Born in 1832 or 1833 in Yorkshire, England, Whitaker and two of his brothers immigrated to the United States, arriving in New Orleans in 1854. He then ran a number of businesses in Galveston, Texas, and served there in the Texas Heavy Artillery, rising to the rank of captain. He moved to Houston in 1858, where, joined by his brothers and his father, he operated a mercantile business under the banner of A. Whitaker & Company. In 1866, Whitaker formed the Town and Country Agricultural Society of the Industrial Association of Harris County, an organization whose purpose was to “experiment with growing fruit and vegetables.” By 1870, he ran a flower shop and maintained a nursery and greenhouse in the southwestern portion of the city, with advertisements identifying him as nurseryman, seedsman, and florist.

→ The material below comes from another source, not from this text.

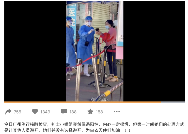 一则“护士例行核酸检查偶遇一例阳性”的视频在网上流传。视频显示,白云区妇幼保健院一位护士查看市民手机发现阳性,不断提醒后边排队的群众保持距离。4月10日,记者证实,实为病人把黄码误作阳性。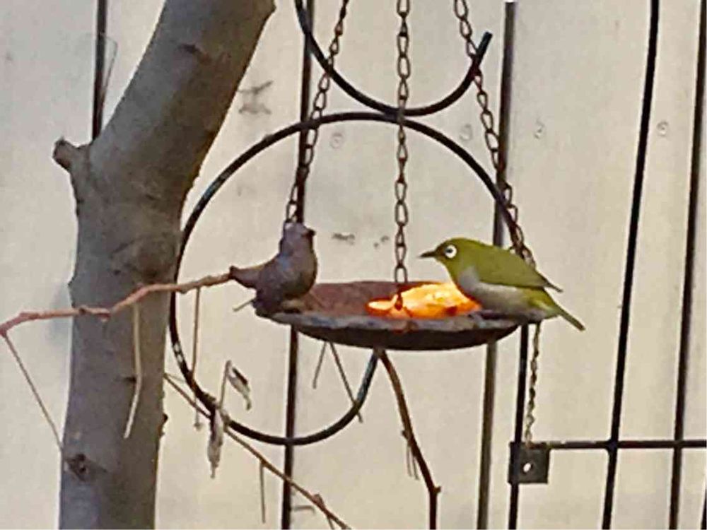 メジロはミカン、シジュウカラはピーナッツが好きみたいです🎵

He employed a number of gardeners, including Finley McIvor, who had trained in Scotland, and Charles Albrecht, who came from Germany. From 1870 to 1873 (and again in 1877), Whitaker provided plantings for Houston’s Courthouse Square. In 1871, he appeared on behalf of the Houston Cemetery Company (of which he would later become director) at the state legislature in Austin, where he presented the charter for Glenwood Cemetery. He is credited as a co-designer of Glenwood, and is known to have designed a rustic bridge in the cemetery’s southeastern section. As the cemetery’s first superintendent (which earned him $1,200 per year in his first two years of service, including for work in “laying out the grounds”), Whitaker promoted and handled the sale of burial plots, acted as its spokesman, and oversaw daily operations—a position he held until 1887. In 1892, Whitaker became the agricultural editor for the Houston Post. It is believed that he left Houston after the turn of the century, although information on his whereabouts and his death is inconclusive.